The heart-mind is not an organ we use to design airplanes, do math or figure out how to get coconuts down from the trees; those are simple brain exercises.

The heart-mind may just be what connects us to what is infinite and eternal, our connection to everything that is not our body. Sometimes, our words, actions or our physical creations can seem to be what we call divinely inspired; then our minds control our bodies and our speech, but we are not the ultimate originators of our music, our poetry or our art. Something bigger is.

If the heart-mind, and thereby our connection to the collective mind of the Universe, is disrupted during heart surgery when the heart is chilled or bypassed by a heart-lung machine, we would suddenly understand the claims that 40% of patients experience significant depression even after relatively simple coronary bypass surgery.

The fact that we can measure the electromagnetic field of the heart beyond the physical boundaries of our bodies and the observation that people in close proximity can experience synchronization of their heart rhythms gives the heart more than symbolic significance in how we relate to our loved ones, mankind and the Universe.

All this is certainly something to ponder, even if it is just with my human brain, or what some Buddhists call the monkey-mind.

After I stopped walking on my tiptoes, I attended a Methodist Sunday School and I was later confirmed in the Lutheran state church of Sweden. In my studies of religion, I have learned that Buddhism isn’t an actual religion, but it does represent an ancient view of the Universe that science is now rediscovering.

A quote by Albert Einstein sums all this up:

“Science without religion is lame. Religion without science is blind.”

4 Responses to “Where is the Mind?”

  1. 1 Christina September 12, 2014 at 1:05 am

    Thank you for this post. It’s very interesting. I am an oriental medicine practitioner and was taught about the mind in the heart, but have not heard about the body in the head… which is interesting for all the reasons you cite as well as because I am a long time Tibetan Buddhist in the Nyingma lineage (closest to Tibetan Bon). Your blog is one of my very favorites!

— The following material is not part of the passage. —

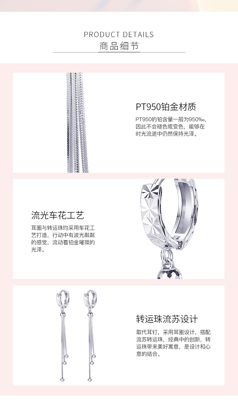 Luohe Platinum Ear Wire Women's Romantic Tassel Earrings pt950 Earrings Platinum Long Earrings Earrings Tanabata Love PT950 3.4-3.6g + Blue Ribbon Gift Box

  2. 3 innocentouko September 12, 2014 at 9:53 am

    loved it. Its good to see how some peolple are able to relate science and religeon.The two manifest in each other as is seen in so many biblical occurences. Awesome facts about the heart too .

  3. 4 Linda DeLia September 12, 2014 at 3:10 pm

    I am so often inspired by your writings. Today I am blown away.I’m nearly 70 and have traveled a similar spiritual journey as yours. Have always loved Jung and admired the Buddhist view of life. Thank you!